**Aim of the exercise**
The answer must consist solely of the lines below starting at the one containing "除了高速工況表現(xiàn)" and ending at the one containing "Ajoutez une dose", repeated exactly, with both ends included and all pictures omitted.

*** Supplied data Section Begins ***

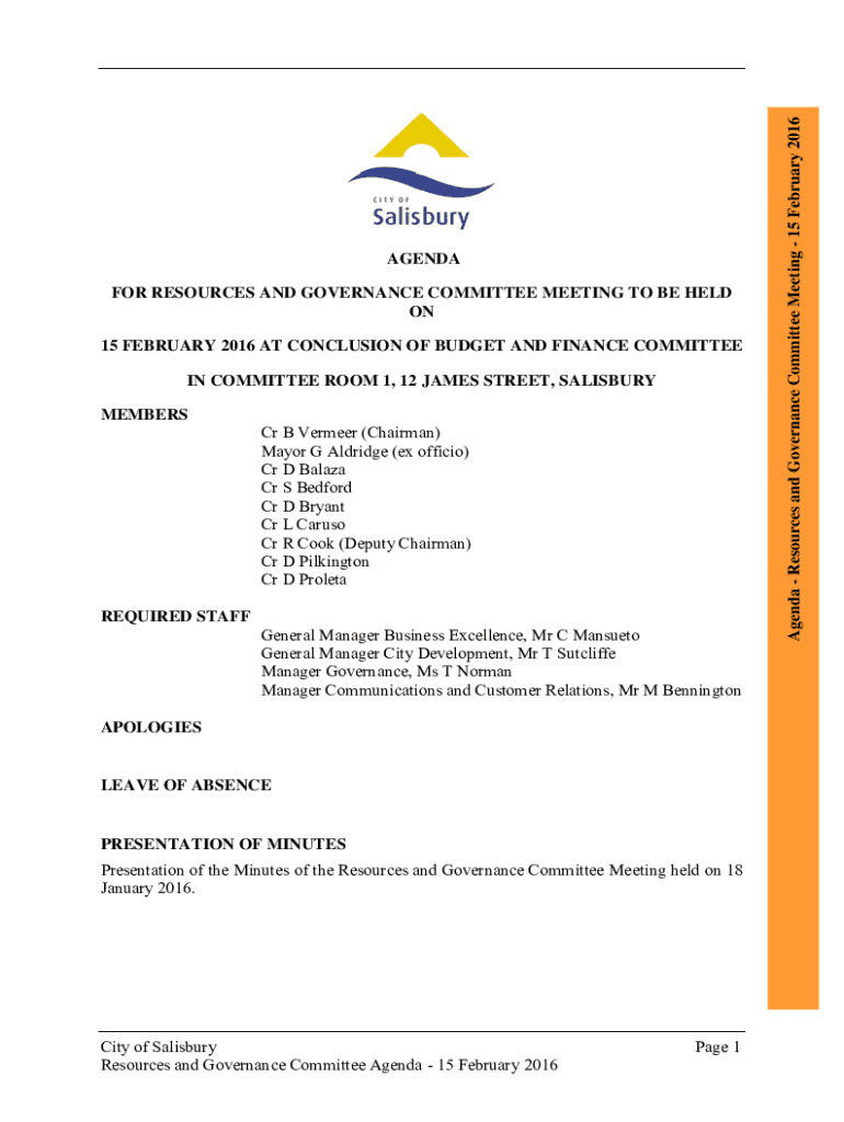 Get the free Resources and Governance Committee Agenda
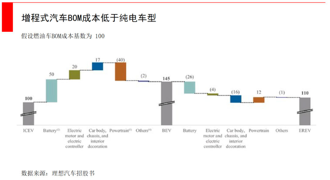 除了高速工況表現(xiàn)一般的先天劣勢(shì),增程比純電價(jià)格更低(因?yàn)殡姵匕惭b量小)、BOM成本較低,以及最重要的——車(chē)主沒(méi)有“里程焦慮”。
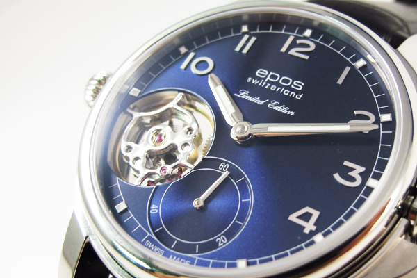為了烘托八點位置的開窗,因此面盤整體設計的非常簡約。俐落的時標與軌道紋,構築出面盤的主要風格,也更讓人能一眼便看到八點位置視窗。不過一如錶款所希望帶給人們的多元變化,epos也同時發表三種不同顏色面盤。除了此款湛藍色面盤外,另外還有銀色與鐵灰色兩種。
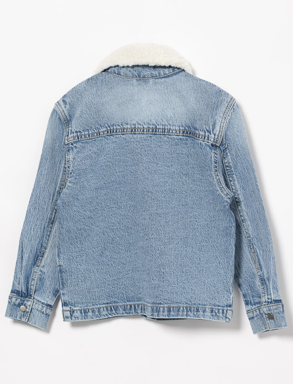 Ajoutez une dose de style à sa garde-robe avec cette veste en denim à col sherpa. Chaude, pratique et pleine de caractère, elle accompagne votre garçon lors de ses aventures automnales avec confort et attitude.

*** Supplied data Section Ends ***
*** Supplied data Section Begins ***

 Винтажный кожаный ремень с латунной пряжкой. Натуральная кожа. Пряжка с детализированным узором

*** Supplied data Section Ends ***
*** Supplied data Section Begins ***

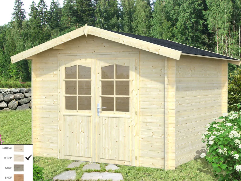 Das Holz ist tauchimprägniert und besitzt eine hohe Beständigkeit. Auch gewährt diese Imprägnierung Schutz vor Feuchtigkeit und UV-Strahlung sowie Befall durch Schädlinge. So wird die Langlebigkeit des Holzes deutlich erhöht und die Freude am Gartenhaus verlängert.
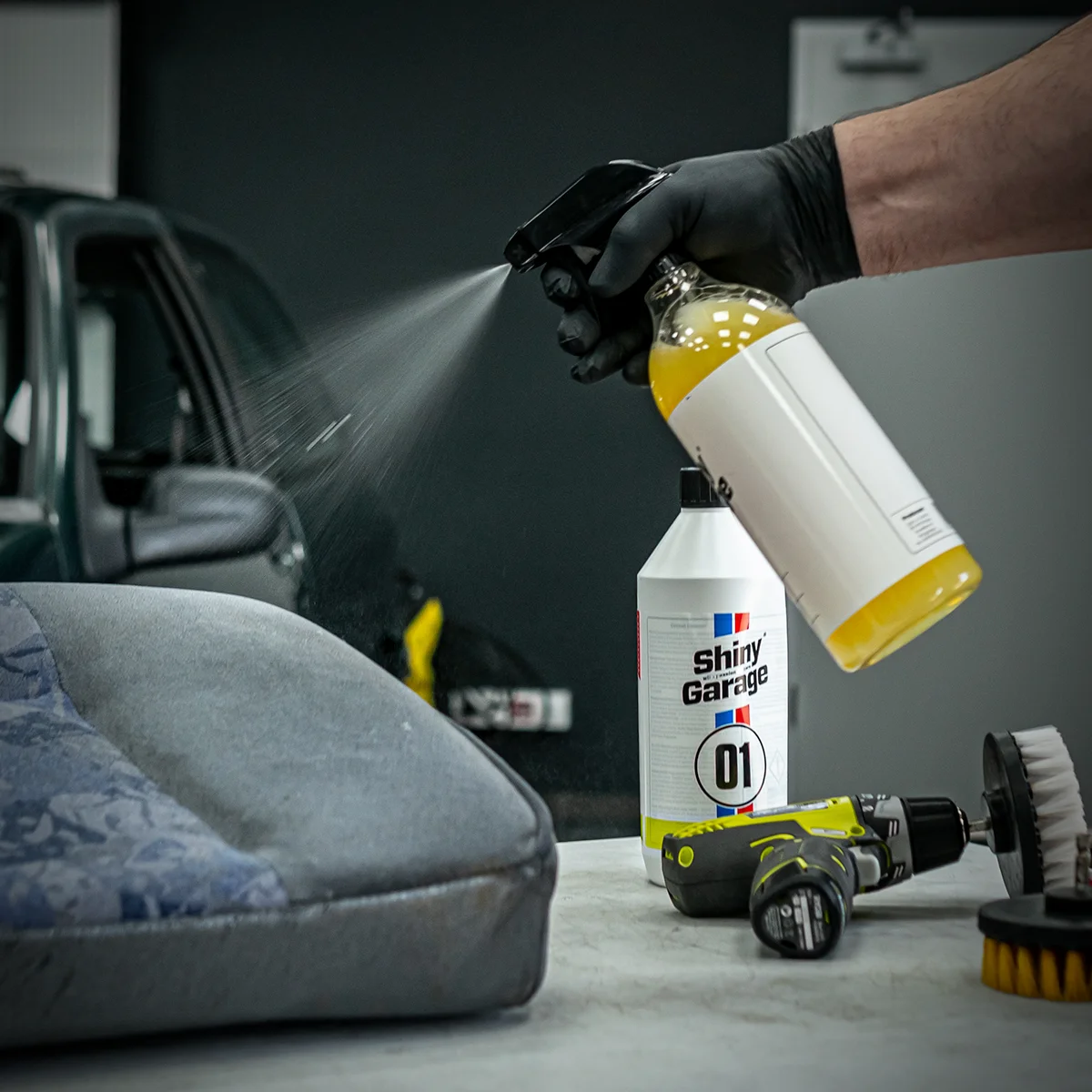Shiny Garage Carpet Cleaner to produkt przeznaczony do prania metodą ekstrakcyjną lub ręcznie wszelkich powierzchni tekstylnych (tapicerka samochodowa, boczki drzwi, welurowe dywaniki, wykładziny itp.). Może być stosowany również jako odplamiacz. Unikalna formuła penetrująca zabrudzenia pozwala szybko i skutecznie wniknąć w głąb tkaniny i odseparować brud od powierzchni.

*** Supplied data Section Ends ***

**Worked solution**
 除了高速工況表現(xiàn)一般的先天劣勢(shì),增程比純電價(jià)格更低(因?yàn)殡姵匕惭b量小)、BOM成本較低,以及最重要的——車(chē)主沒(méi)有“里程焦慮”。
為了烘托八點位置的開窗,因此面盤整體設計的非常簡約。俐落的時標與軌道紋,構築出面盤的主要風格,也更讓人能一眼便看到八點位置視窗。不過一如錶款所希望帶給人們的多元變化,epos也同時發表三種不同顏色面盤。除了此款湛藍色面盤外,另外還有銀色與鐵灰色兩種。
 Ajoutez une dose de style à sa garde-robe avec cette veste en denim à col sherpa. Chaude, pratique et pleine de caractère, elle accompagne votre garçon lors de ses aventures automnales avec confort et attitude.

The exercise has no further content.